Along the way, she battled against segregated venues. In the 2009 biography “Stormy Weather: The Life of Lena Horne,” author James Gavin wrote that while she was on a USO Christmas-season tour in 1944, rules were lifted to allow her to sing in front of black and white soldiers.
That is, until she arrived at Camp Joseph T. Robinson in Little Rock, AK, around January 1945. According to the biography, she performed before an audience of white soldiers in a military theater. There was not a black soldier in the bunch. When she asked why not, she was told that they weren’t told she was coming and besides, they weren’t allowed in the theater.
The next day she had a piano set up in their mess hall and performed for them at breakfast. When German POWs were allowed in – which annoyed the black soldiers – she complained and was ignored. She stopped performing and just left. Horne told the writer of the book that she called the Hollywood USO saying she was ending the tour, and then got a ride to the local NAACP office. There, Daisy Bates, who would become president of the Arkansas NAACP in 1952 and a leader in the integration of Central High School in 1957, arranged to get her back to Los Angeles. After that experience, Horne paid her own way and performed only for black soldiers.
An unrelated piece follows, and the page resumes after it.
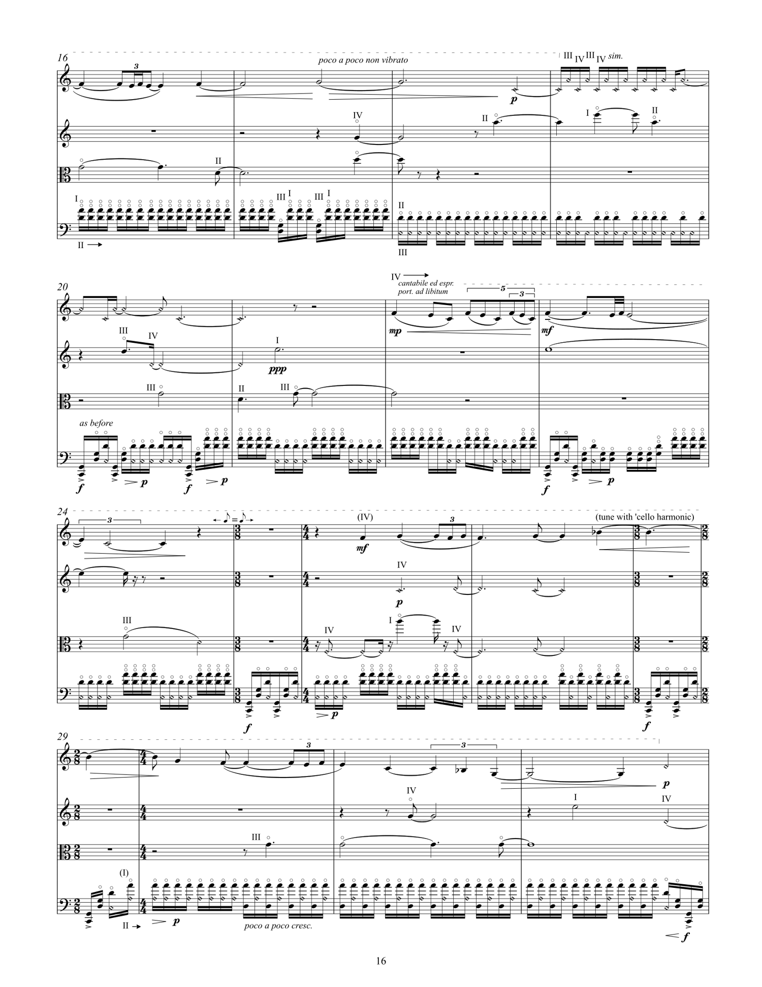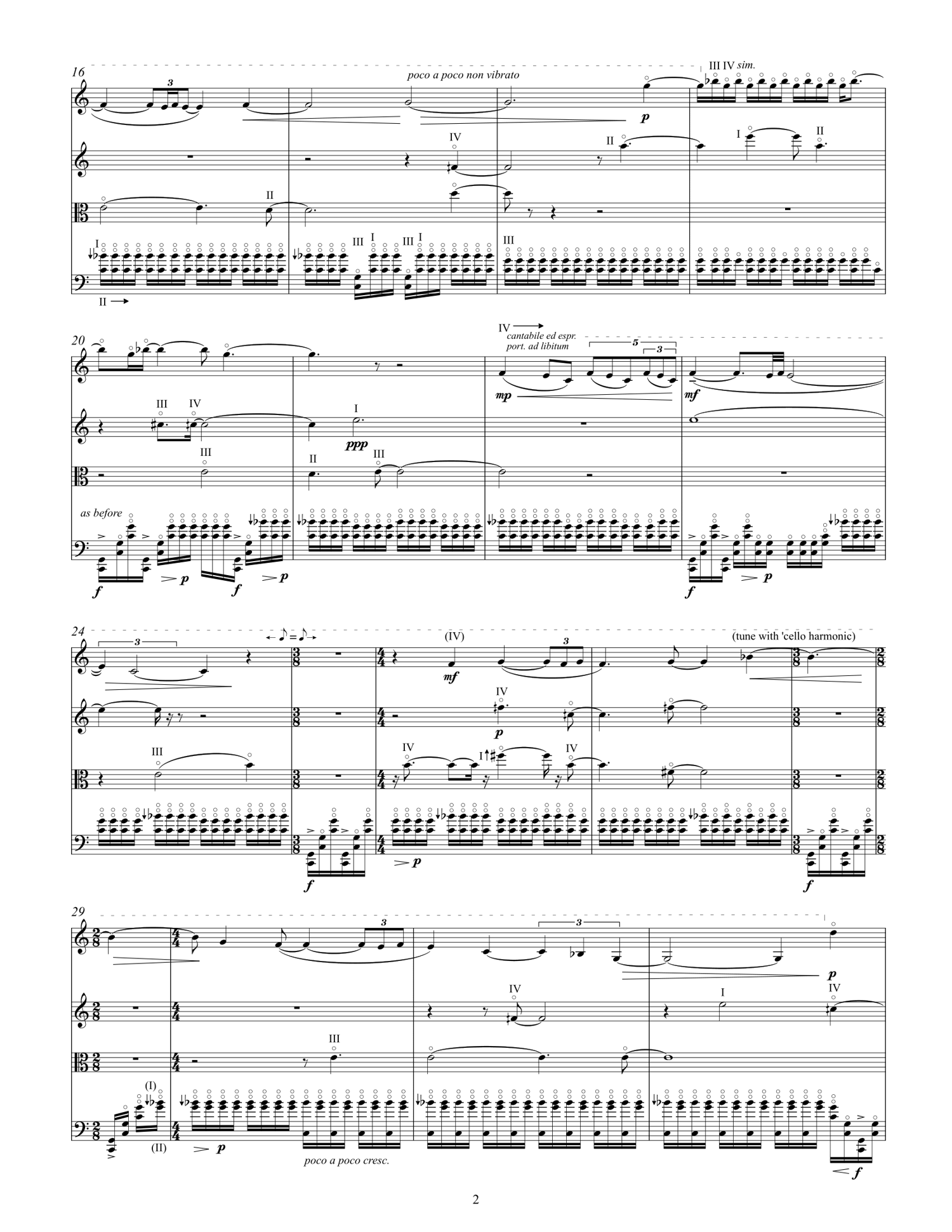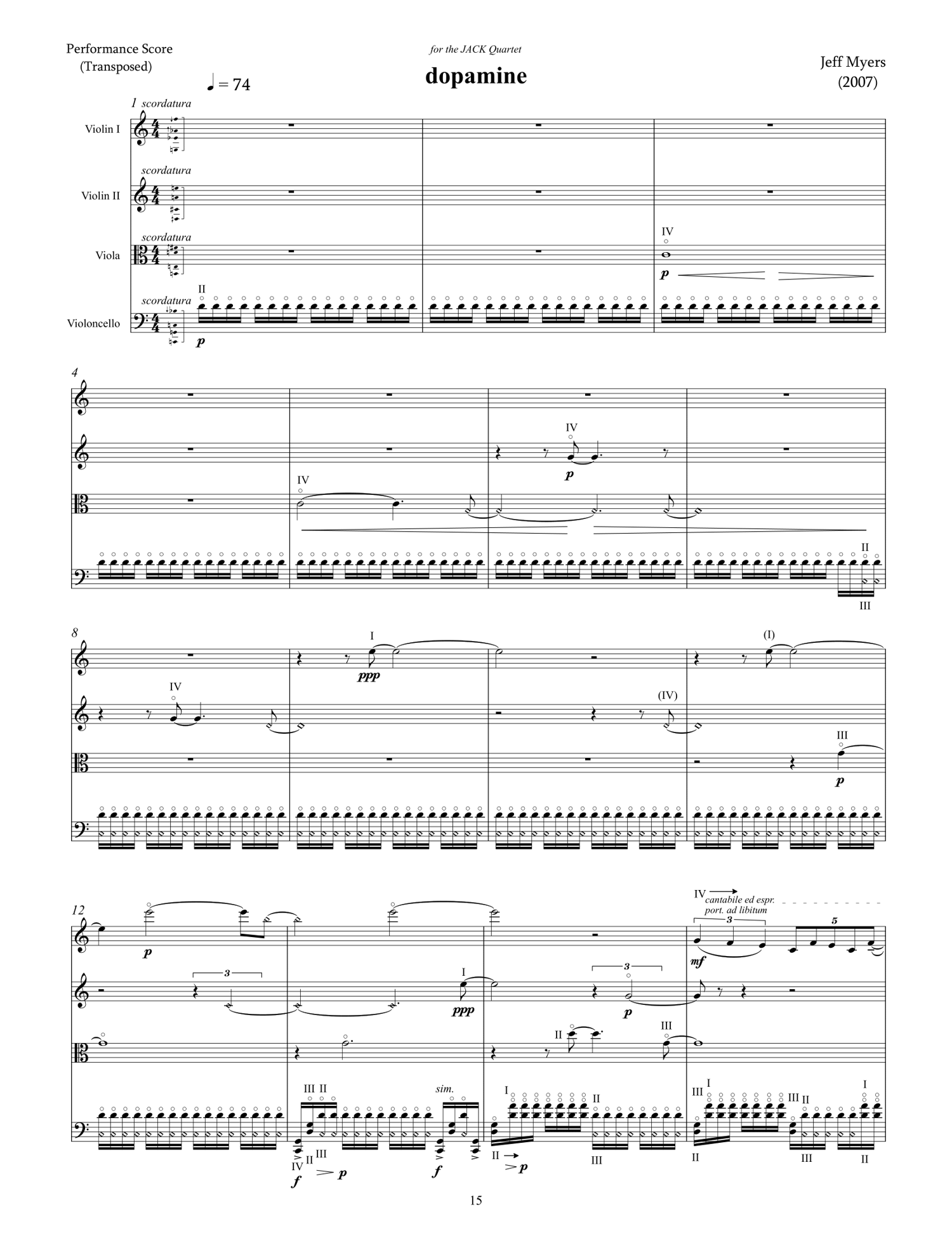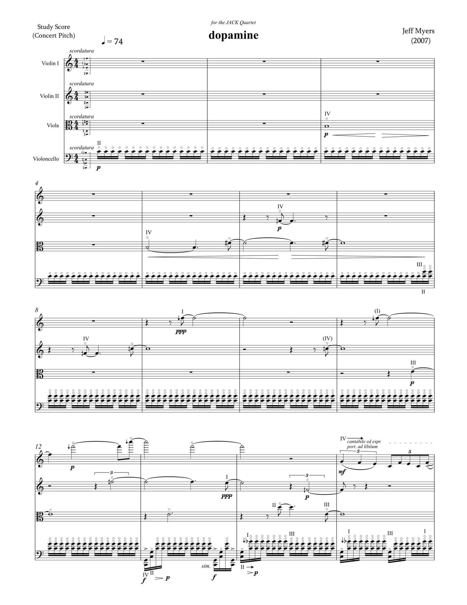 dopamine was written for the JACK Quartet. It uses scordatura (retuning) and natural harmonics on the all the instruments to obtain precise microtonal notes and chords. The title refers to a hormone and neurotransmitter which occurs in humans and some mammals. Dopamine is typically associated with the pleasure system; people with higher dopamine levels tend to seek out more pleasurable activities and vice versa. Dopamine is also associated with creativity and the generation of new ideas. I used dopamine as a metaphor for this string quartet because it was written within a short span of a few days in an unprecedented creative fervor. My motivation came from both the creative experience and from the music itself, which gave me great pleasure to listen to. Perhaps my own level of dopamine was very high as I wrote this music. I suppose I will never know.

Here is a sampling of some of her items sold at auction. All photos from the auction are from the Doyle New York website:
Three works by Langston Hughes, inscribed by the author to Horne. Included “Simple Speaks his Mind (1950).” $5,000.
Roxanne Assoulin and Deanna Hamro-style rhinestone jewelry. $1,625.
Charles Alston’a “Abstract,” oil on canvas. Alston’s works are in the collections of the Whitney Museum of American Art and the Metropolitan Museum of Art. $20,000.
Giorgio di Sant’ Angelo reversible mink coat. $8,125.
Iron-mounted softwood tansu (Japanese chest), $1,125.
Bug and figural pins, sold for $438). Ceramic pug figures (these were her best-loved dog breed), $1,250.
One of the items that struck me was a 1987 color lithograph by Jacob Lawrence titled “Schomburg Library” (short for the Schomburg Center for Research in Black Culture in New York). I have one of the prints hanging on my wall. Horne’s sold for $4,688.